Work instruction = In the listing below, find the line containing "When bedtime rolls" and the line containing "Coloquinte peinte (gourde". Repeat exactly those two lines and every line between them, nothing more.

Records for this exercise =
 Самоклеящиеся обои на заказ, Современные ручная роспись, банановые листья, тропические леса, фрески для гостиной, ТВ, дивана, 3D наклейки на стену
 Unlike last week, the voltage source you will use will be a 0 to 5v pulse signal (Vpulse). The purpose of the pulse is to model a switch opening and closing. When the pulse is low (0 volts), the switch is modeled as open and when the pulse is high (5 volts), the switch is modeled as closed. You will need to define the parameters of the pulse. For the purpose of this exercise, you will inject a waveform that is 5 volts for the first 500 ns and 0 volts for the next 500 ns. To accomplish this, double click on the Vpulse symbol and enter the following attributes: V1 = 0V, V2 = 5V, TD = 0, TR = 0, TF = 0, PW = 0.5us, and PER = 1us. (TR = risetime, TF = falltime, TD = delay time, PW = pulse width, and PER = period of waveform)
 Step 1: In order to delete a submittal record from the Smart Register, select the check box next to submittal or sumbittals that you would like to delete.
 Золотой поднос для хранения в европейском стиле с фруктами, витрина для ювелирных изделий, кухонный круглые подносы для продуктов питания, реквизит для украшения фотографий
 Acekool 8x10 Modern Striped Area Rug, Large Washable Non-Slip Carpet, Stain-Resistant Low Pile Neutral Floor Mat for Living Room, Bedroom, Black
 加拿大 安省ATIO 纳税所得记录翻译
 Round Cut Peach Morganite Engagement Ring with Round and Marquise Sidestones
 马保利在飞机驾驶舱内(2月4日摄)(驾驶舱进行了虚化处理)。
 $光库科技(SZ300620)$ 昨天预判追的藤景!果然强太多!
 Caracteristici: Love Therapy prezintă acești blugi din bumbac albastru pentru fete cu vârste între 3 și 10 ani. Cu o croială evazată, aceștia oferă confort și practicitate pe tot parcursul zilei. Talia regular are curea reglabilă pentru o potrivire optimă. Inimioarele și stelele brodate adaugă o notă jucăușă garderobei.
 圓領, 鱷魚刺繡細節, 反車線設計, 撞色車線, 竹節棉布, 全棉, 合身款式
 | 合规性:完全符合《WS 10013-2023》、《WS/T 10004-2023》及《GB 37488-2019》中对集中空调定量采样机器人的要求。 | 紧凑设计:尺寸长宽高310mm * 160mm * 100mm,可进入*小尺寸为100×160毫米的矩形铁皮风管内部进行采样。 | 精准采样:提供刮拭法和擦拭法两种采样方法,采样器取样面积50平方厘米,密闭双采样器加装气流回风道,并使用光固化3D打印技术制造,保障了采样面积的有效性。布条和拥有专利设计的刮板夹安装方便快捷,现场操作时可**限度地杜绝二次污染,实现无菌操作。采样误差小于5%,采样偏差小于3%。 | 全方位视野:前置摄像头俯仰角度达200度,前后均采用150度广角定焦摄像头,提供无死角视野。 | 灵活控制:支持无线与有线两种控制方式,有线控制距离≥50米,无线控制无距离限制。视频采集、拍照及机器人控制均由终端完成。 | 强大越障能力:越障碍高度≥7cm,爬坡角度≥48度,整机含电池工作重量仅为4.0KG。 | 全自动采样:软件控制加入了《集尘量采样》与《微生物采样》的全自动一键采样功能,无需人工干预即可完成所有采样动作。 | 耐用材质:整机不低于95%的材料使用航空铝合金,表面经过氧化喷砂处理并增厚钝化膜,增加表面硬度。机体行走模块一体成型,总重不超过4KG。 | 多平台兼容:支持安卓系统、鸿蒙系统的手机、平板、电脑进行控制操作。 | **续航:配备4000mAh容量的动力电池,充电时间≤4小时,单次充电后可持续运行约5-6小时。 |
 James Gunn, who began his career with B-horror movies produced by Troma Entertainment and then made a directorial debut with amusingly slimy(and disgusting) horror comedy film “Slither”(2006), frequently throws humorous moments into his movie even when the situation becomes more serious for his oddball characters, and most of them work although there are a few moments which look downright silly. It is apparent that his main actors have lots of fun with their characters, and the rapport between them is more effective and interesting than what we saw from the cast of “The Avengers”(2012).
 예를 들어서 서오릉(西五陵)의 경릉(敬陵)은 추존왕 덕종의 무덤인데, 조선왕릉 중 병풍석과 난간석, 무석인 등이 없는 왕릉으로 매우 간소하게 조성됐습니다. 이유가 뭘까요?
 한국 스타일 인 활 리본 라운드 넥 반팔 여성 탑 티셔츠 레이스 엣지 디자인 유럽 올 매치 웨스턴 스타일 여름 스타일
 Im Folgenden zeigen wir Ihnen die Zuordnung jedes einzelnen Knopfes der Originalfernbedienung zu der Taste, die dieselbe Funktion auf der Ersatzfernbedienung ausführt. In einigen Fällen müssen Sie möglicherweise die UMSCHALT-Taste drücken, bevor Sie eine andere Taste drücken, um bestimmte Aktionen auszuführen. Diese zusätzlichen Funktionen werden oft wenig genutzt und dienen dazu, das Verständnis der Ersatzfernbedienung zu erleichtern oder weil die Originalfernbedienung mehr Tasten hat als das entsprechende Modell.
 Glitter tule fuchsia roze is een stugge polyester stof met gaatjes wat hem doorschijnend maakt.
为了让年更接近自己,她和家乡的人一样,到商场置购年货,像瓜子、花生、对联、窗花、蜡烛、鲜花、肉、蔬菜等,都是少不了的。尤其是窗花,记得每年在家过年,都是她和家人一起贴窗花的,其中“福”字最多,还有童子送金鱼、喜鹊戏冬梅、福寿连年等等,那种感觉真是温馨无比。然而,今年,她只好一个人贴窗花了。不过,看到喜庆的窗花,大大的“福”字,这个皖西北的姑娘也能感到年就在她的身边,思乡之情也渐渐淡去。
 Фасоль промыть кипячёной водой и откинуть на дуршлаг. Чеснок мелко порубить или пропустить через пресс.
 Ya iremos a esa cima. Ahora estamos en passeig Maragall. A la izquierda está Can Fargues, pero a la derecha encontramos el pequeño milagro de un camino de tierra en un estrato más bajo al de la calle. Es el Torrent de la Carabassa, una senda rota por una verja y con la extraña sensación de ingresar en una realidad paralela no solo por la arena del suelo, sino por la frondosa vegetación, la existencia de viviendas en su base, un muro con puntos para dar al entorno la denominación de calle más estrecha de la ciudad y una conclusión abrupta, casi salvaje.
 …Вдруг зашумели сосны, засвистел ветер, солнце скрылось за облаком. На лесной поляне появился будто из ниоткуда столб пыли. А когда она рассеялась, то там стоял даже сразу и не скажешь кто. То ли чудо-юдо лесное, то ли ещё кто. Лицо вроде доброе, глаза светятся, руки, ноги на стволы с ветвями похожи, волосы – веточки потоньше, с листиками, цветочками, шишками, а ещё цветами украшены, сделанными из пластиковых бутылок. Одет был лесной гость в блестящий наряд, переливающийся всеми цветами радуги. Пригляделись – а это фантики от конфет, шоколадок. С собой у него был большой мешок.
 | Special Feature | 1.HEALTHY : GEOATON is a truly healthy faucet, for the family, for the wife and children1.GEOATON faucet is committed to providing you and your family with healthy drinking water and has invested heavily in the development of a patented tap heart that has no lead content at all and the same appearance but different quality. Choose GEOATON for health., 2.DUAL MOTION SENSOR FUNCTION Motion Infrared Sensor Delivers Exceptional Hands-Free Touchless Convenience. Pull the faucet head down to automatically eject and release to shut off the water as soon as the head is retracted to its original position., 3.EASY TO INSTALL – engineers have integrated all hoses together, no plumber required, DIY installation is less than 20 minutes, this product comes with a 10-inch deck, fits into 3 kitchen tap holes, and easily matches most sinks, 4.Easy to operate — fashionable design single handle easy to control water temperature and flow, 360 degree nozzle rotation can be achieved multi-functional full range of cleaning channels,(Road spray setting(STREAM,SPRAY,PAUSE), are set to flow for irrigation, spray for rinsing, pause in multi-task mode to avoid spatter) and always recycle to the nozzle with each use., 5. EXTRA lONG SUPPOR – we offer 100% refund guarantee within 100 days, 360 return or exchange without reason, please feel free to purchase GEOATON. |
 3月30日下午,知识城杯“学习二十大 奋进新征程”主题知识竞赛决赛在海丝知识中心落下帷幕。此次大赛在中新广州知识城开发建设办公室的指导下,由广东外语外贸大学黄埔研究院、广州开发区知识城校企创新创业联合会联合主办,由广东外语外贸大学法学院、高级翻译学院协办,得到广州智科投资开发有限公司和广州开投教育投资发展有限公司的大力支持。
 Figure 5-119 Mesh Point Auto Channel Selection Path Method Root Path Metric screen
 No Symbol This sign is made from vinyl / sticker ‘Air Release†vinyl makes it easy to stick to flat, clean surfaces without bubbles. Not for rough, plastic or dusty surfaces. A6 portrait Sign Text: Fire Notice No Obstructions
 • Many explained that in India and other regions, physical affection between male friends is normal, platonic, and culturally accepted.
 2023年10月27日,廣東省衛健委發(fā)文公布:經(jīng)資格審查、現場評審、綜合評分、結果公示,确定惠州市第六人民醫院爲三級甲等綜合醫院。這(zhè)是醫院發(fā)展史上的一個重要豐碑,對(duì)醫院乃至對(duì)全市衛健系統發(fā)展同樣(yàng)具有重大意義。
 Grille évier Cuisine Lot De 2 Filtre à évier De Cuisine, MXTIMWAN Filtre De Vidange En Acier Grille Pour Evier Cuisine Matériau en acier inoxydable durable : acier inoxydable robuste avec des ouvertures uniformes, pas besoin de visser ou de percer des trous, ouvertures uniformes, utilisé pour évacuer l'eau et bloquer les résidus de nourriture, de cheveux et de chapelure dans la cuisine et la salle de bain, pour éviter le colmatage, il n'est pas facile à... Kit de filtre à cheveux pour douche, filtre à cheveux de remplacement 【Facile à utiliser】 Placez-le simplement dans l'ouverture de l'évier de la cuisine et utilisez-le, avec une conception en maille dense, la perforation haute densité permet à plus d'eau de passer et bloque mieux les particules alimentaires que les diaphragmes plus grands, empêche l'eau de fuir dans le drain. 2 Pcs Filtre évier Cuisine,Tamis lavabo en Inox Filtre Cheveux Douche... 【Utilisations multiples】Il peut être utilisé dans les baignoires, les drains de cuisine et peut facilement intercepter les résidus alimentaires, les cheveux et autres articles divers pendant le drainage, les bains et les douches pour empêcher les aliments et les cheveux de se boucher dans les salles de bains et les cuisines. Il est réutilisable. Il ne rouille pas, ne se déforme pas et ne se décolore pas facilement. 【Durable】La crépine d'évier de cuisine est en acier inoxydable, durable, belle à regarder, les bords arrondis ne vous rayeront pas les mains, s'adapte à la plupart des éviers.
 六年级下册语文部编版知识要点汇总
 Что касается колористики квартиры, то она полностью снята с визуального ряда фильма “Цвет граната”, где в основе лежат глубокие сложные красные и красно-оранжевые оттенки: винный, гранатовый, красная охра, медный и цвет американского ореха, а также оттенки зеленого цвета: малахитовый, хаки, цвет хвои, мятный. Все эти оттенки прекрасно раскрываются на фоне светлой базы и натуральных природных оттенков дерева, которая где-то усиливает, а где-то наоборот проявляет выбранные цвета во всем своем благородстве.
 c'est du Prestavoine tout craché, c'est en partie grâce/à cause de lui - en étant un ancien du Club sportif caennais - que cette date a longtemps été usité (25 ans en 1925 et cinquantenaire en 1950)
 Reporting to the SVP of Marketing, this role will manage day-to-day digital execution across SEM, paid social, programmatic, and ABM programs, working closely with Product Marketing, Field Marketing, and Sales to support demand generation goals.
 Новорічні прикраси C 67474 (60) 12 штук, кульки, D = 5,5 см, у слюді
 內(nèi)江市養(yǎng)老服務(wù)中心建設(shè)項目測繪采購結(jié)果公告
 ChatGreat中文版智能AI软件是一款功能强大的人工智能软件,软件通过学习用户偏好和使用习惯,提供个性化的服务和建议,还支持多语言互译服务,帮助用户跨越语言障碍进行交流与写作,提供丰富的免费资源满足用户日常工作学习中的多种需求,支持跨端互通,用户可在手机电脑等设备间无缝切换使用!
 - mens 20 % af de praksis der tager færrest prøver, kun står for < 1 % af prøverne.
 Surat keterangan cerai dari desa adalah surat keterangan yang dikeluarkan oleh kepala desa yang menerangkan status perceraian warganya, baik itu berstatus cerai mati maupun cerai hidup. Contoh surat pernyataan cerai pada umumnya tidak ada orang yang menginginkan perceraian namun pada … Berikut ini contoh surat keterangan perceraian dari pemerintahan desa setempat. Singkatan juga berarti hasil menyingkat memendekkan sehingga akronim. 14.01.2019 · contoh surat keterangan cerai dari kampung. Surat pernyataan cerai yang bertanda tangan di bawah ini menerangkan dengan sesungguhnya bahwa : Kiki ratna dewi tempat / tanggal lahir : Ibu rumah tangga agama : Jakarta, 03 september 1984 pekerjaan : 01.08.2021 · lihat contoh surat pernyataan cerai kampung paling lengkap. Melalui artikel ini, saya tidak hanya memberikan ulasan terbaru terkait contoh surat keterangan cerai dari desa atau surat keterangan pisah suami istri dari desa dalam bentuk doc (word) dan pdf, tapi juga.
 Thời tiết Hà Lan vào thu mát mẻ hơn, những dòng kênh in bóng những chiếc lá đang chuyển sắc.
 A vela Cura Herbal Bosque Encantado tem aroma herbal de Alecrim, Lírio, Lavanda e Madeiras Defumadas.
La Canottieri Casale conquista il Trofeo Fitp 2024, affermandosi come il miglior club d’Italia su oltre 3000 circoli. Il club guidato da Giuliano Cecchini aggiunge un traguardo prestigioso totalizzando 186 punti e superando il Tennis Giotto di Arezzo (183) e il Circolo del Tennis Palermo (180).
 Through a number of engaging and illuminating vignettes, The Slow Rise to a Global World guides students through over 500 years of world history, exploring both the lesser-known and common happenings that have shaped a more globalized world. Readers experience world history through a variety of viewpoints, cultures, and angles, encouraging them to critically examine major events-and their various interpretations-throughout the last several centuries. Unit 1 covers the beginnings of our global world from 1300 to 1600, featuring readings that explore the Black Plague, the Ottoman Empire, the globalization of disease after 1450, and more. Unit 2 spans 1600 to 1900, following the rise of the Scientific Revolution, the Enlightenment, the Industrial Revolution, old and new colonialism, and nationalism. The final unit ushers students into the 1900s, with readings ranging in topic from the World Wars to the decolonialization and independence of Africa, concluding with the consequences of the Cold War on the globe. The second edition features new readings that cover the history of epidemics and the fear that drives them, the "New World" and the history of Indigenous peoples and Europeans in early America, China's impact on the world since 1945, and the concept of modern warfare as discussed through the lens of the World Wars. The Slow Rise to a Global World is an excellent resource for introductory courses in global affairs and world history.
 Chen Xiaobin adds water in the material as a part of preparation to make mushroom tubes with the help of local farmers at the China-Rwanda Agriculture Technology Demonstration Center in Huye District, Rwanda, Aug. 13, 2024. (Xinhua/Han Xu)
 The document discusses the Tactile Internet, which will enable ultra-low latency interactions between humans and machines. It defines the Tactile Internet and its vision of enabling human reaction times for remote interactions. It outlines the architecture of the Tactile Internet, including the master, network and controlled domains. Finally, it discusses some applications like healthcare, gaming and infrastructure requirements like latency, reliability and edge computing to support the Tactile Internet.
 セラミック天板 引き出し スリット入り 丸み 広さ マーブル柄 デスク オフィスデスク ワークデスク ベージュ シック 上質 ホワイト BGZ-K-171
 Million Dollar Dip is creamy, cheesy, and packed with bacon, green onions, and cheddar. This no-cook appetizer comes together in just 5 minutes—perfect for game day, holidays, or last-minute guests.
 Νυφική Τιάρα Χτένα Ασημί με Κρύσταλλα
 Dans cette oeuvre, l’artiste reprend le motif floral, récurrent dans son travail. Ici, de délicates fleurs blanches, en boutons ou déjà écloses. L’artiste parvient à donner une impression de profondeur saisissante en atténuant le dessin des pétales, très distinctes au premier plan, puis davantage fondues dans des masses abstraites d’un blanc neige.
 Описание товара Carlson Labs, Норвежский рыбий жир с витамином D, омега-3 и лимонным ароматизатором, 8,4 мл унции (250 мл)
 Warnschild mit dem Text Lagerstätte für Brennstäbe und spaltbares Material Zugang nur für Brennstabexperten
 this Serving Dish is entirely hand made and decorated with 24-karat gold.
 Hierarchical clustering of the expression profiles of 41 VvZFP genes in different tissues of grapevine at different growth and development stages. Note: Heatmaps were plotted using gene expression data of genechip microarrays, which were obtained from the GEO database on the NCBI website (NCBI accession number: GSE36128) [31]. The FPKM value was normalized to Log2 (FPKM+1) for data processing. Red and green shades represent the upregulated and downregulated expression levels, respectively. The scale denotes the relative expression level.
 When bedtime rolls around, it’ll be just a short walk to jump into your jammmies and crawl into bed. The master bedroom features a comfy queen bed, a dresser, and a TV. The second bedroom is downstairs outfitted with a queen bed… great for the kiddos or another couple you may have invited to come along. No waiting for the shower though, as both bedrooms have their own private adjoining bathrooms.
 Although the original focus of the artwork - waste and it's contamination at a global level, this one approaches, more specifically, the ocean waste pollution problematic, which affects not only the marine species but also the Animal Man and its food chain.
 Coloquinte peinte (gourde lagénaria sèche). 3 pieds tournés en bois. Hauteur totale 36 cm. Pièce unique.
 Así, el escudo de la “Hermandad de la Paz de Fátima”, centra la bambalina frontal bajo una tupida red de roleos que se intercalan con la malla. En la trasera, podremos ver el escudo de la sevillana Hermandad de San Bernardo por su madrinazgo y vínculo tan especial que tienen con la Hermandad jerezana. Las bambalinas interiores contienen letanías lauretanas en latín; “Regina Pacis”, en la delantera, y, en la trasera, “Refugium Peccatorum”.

Problem solution =
 When bedtime rolls around, it’ll be just a short walk to jump into your jammmies and crawl into bed. The master bedroom features a comfy queen bed, a dresser, and a TV. The second bedroom is downstairs outfitted with a queen bed… great for the kiddos or another couple you may have invited to come along. No waiting for the shower though, as both bedrooms have their own private adjoining bathrooms.
 Although the original focus of the artwork - waste and it's contamination at a global level, this one approaches, more specifically, the ocean waste pollution problematic, which affects not only the marine species but also the Animal Man and its food chain.
 Coloquinte peinte (gourde lagénaria sèche). 3 pieds tournés en bois. Hauteur totale 36 cm. Pièce unique.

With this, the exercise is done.